◆ YOUR GOAL:
Your answer should be the records again, unchanged in wording and free of images.

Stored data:
↓

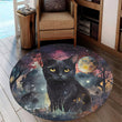 Moon Black Cat Round Rug Gothic Rug-MoonChildWorld
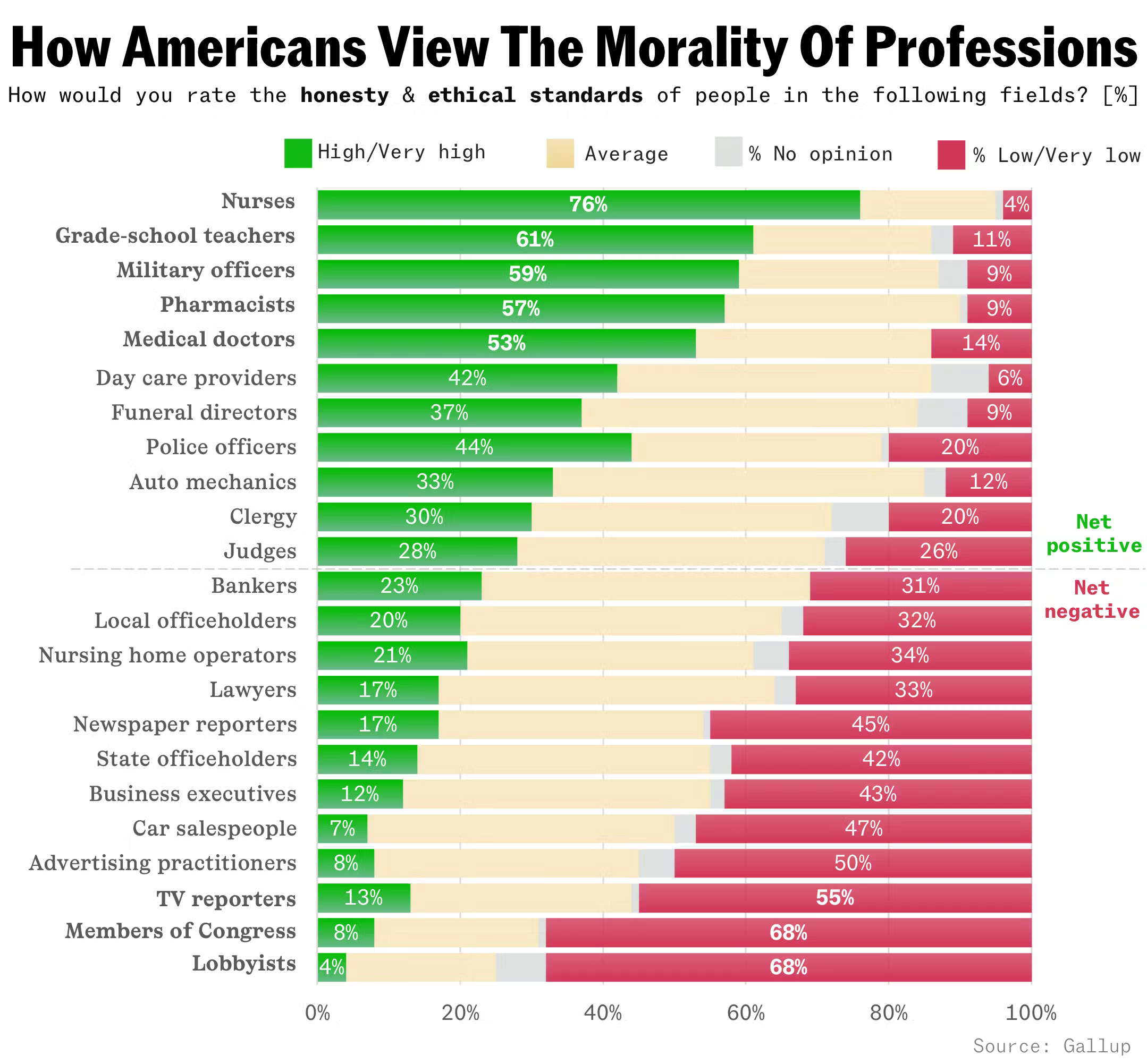 7) How Americans view the honesty & ethical standards of people in the following fields:
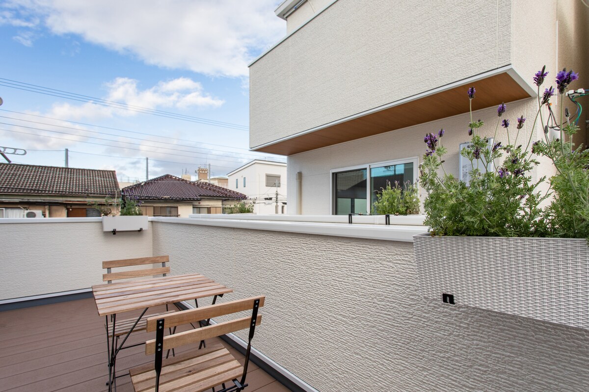 屋外バスタブと庭付きの2階建て別荘、3ベッドルーム2バスルーム、無料駐車場、4本の電車路線、徒歩で京瓷巨卵、アメリカ村、心斎橋
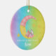 Forever in our hearts memorial ornament featuring a bear with angel wings on a moon. Personalized with the year and the baby's name. It includes a baby with pink clothes, stars, and a rainbow background. If you want to change the colors or font of the text please click the button to edit the design.
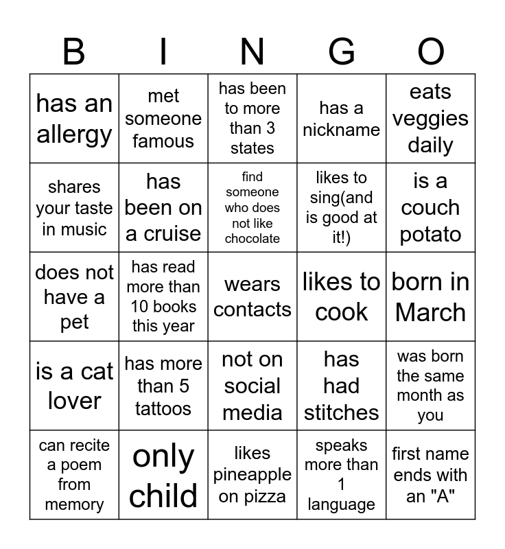 This bingo card has 25 words: is a cat lover, only child, wears contacts, speaks more than 1 language, eats veggies daily, has an allergy, met someone famous, has been to more than 3 states, likes to cook, was born the same month as you, shares your taste in music, has been on a cruise, likes pineapple on pizza, has had stitches, is a couch potato, can recite a poem from memory, has read more than 10 books this year, find someone who does not like chocolate, likes to sing(and is good at it!), born in March, does not have a pet, has more than 5 tattoos, not on social media, has a nickname and first name ends with an "A".

↑

◆ EXERCISE RESPONSE:
 Moon Black Cat Round Rug Gothic Rug-MoonChildWorld
 7) How Americans view the honesty & ethical standards of people in the following fields:
 屋外バスタブと庭付きの2階建て別荘、3ベッドルーム2バスルーム、無料駐車場、4本の電車路線、徒歩で京瓷巨卵、アメリカ村、心斎橋
 Forever in our hearts memorial ornament featuring a bear with angel wings on a moon. Personalized with the year and the baby's name. It includes a baby with pink clothes, stars, and a rainbow background. If you want to change the colors or font of the text please click the button to edit the design.
 This bingo card has 25 words: is a cat lover, only child, wears contacts, speaks more than 1 language, eats veggies daily, has an allergy, met someone famous, has been to more than 3 states, likes to cook, was born the same month as you, shares your taste in music, has been on a cruise, likes pineapple on pizza, has had stitches, is a couch potato, can recite a poem from memory, has read more than 10 books this year, find someone who does not like chocolate, likes to sing(and is good at it!), born in March, does not have a pet, has more than 5 tattoos, not on social media, has a nickname and first name ends with an "A".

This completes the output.